→ **TASK GOAL**
After locating the line with "テフマックス(フッ素含有めっ" below, output it and each following line exactly, stopping after the line with "2017年10月2日,北京小". No pictures.

→ **ENTRIES SUPPLIED**
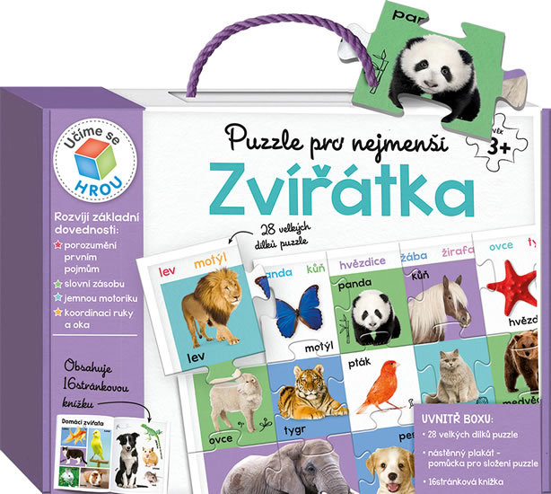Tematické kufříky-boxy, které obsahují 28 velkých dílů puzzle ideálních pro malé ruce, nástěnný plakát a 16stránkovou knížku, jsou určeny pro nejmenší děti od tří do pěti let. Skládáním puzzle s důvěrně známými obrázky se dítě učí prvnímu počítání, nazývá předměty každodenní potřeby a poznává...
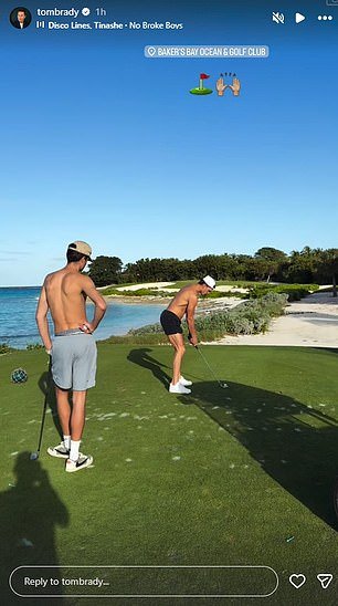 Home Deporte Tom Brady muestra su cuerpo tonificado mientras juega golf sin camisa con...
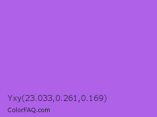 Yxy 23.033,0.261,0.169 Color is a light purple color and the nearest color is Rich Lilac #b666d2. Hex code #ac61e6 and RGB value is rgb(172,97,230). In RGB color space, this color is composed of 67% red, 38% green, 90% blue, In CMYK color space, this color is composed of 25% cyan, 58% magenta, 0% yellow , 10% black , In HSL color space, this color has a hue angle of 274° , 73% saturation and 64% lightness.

* * *

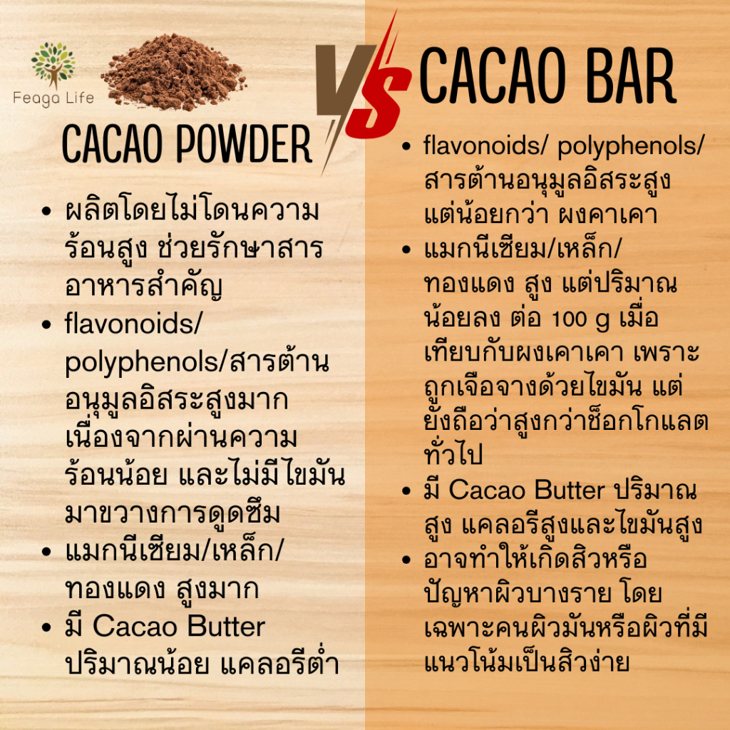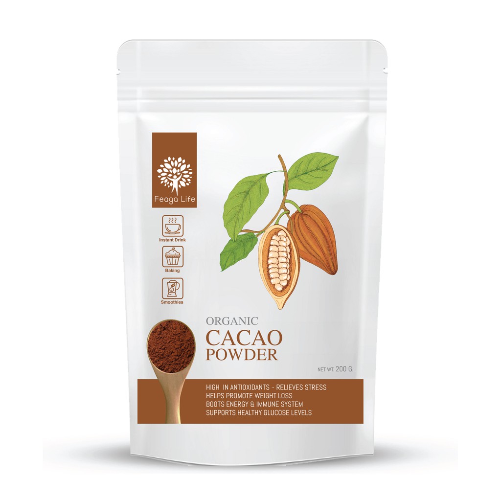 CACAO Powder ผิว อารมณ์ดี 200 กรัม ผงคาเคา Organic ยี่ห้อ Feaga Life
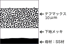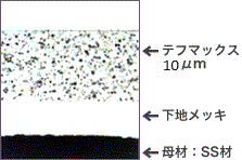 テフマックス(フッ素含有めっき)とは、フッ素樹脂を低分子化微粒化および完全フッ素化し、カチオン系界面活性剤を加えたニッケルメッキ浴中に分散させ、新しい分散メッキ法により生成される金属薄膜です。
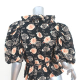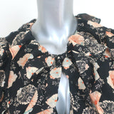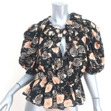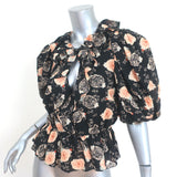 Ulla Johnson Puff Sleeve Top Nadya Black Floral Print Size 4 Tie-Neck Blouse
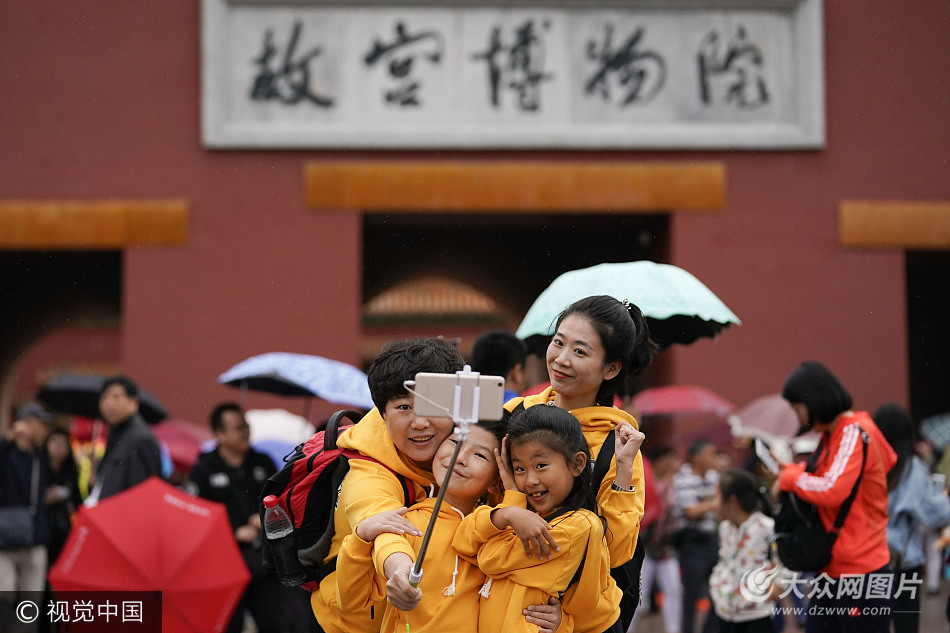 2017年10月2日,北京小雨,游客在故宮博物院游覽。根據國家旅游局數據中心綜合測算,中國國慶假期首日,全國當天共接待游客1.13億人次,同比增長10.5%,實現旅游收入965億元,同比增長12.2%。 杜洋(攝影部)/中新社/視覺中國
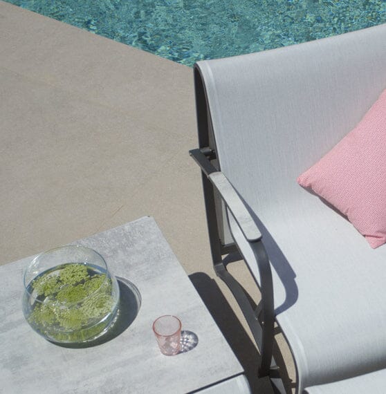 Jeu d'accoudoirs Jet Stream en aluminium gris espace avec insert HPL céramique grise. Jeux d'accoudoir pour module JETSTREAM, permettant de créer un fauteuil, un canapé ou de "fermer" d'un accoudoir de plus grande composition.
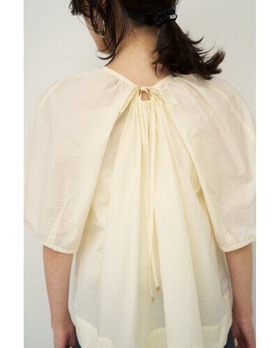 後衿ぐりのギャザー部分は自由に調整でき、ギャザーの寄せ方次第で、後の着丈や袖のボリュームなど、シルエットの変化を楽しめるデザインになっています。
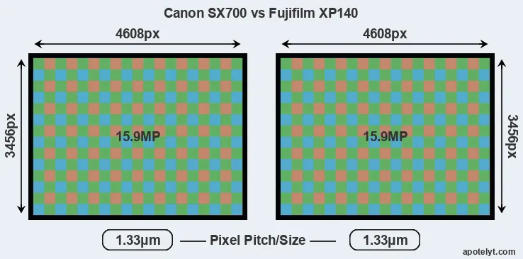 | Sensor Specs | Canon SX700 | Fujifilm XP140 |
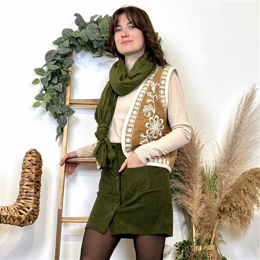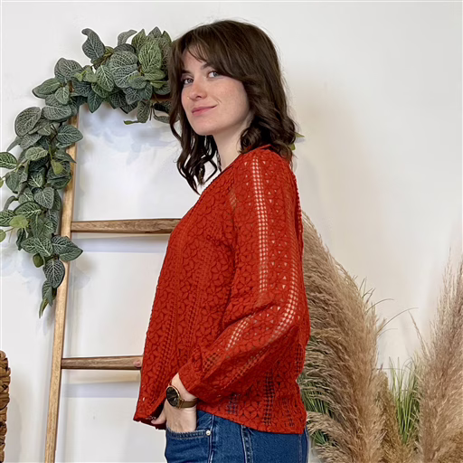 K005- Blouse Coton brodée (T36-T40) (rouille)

==

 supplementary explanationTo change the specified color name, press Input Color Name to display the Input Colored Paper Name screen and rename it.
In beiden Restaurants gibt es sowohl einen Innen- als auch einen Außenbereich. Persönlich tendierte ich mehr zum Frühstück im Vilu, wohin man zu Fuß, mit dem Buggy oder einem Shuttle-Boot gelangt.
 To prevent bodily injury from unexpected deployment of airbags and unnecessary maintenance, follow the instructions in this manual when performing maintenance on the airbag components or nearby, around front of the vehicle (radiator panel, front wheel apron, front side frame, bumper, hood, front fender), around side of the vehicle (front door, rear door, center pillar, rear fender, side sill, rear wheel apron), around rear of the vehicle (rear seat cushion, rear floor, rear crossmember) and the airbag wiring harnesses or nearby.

→ **REPLY TO THE TASK**
 テフマックス(フッ素含有めっき)とは、フッ素樹脂を低分子化微粒化および完全フッ素化し、カチオン系界面活性剤を加えたニッケルメッキ浴中に分散させ、新しい分散メッキ法により生成される金属薄膜です。
 Ulla Johnson Puff Sleeve Top Nadya Black Floral Print Size 4 Tie-Neck Blouse
 2017年10月2日,北京小雨,游客在故宮博物院游覽。根據國家旅游局數據中心綜合測算,中國國慶假期首日,全國當天共接待游客1.13億人次,同比增長10.5%,實現旅游收入965億元,同比增長12.2%。 杜洋(攝影部)/中新社/視覺中國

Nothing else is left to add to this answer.